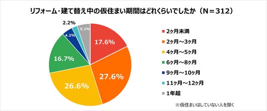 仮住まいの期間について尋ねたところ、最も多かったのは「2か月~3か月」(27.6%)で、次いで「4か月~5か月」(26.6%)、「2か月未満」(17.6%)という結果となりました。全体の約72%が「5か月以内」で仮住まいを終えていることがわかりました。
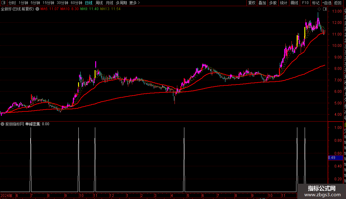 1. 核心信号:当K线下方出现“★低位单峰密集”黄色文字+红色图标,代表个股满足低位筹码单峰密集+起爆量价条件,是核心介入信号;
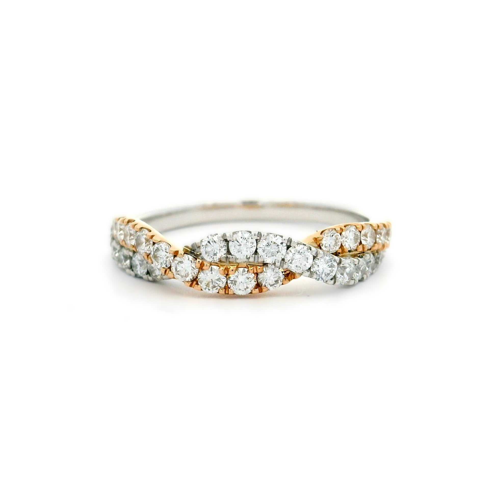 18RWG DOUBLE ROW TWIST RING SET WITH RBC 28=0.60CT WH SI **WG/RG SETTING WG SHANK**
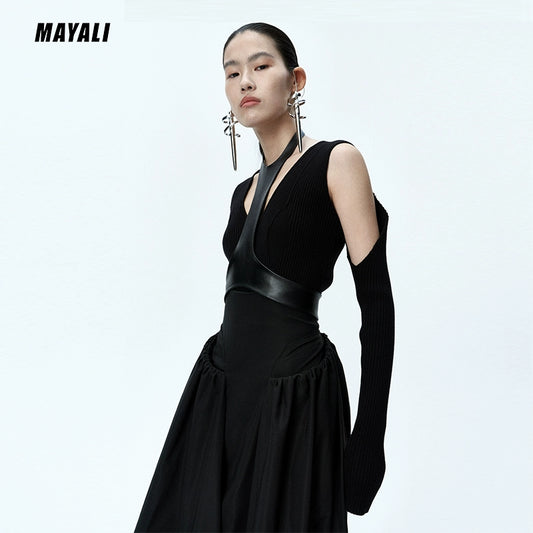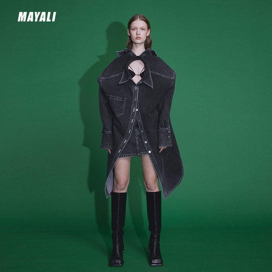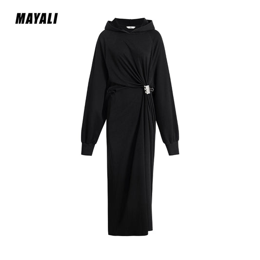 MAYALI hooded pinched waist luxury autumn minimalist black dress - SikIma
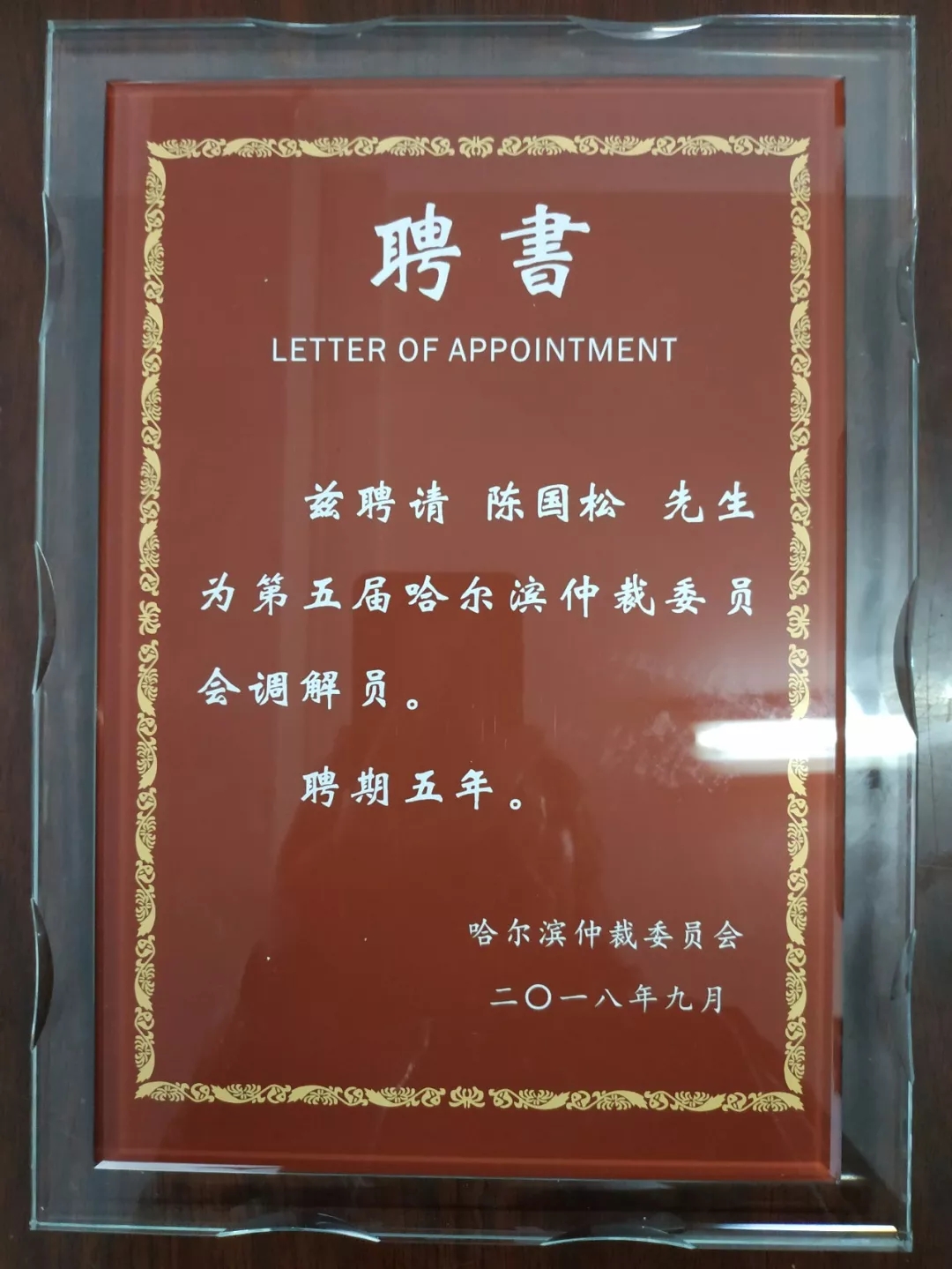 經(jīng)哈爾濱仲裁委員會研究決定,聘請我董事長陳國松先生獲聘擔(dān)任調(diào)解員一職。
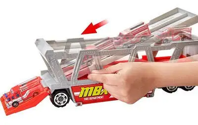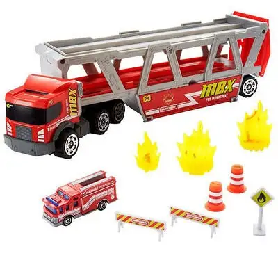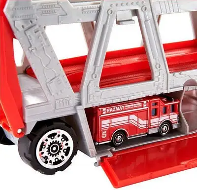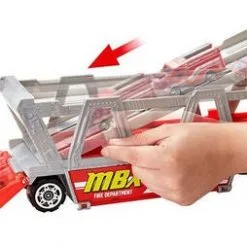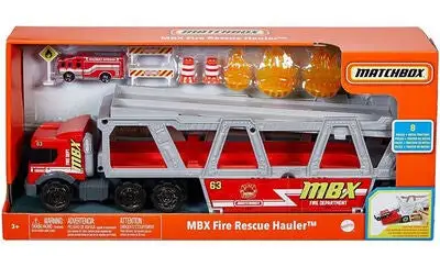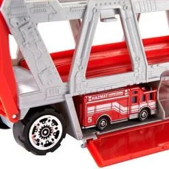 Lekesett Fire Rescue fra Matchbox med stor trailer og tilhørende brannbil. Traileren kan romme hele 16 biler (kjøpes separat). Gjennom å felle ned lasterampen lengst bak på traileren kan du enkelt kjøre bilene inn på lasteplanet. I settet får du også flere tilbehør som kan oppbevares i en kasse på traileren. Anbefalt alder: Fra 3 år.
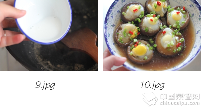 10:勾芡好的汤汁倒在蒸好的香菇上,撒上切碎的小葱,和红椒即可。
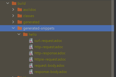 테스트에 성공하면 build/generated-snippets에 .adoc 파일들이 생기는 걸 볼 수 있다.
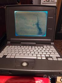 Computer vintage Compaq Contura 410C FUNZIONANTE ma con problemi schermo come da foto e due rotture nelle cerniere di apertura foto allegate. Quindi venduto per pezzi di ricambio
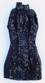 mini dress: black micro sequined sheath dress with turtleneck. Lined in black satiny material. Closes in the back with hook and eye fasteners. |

##############################

• Exercise goal: Go to the line containing "經(jīng)哈爾濱仲裁委員", then write out word for word every line from there to the end of the listing. Keep both end lines and drop the pictures.

• Finished exercise:
 經(jīng)哈爾濱仲裁委員會研究決定,聘請我董事長陳國松先生獲聘擔(dān)任調(diào)解員一職。
 Lekesett Fire Rescue fra Matchbox med stor trailer og tilhørende brannbil. Traileren kan romme hele 16 biler (kjøpes separat). Gjennom å felle ned lasterampen lengst bak på traileren kan du enkelt kjøre bilene inn på lasteplanet. I settet får du også flere tilbehør som kan oppbevares i en kasse på traileren. Anbefalt alder: Fra 3 år.
 10:勾芡好的汤汁倒在蒸好的香菇上,撒上切碎的小葱,和红椒即可。
 테스트에 성공하면 build/generated-snippets에 .adoc 파일들이 생기는 걸 볼 수 있다.
 Computer vintage Compaq Contura 410C FUNZIONANTE ma con problemi schermo come da foto e due rotture nelle cerniere di apertura foto allegate. Quindi venduto per pezzi di ricambio
 mini dress: black micro sequined sheath dress with turtleneck. Lined in black satiny material. Closes in the back with hook and eye fasteners. |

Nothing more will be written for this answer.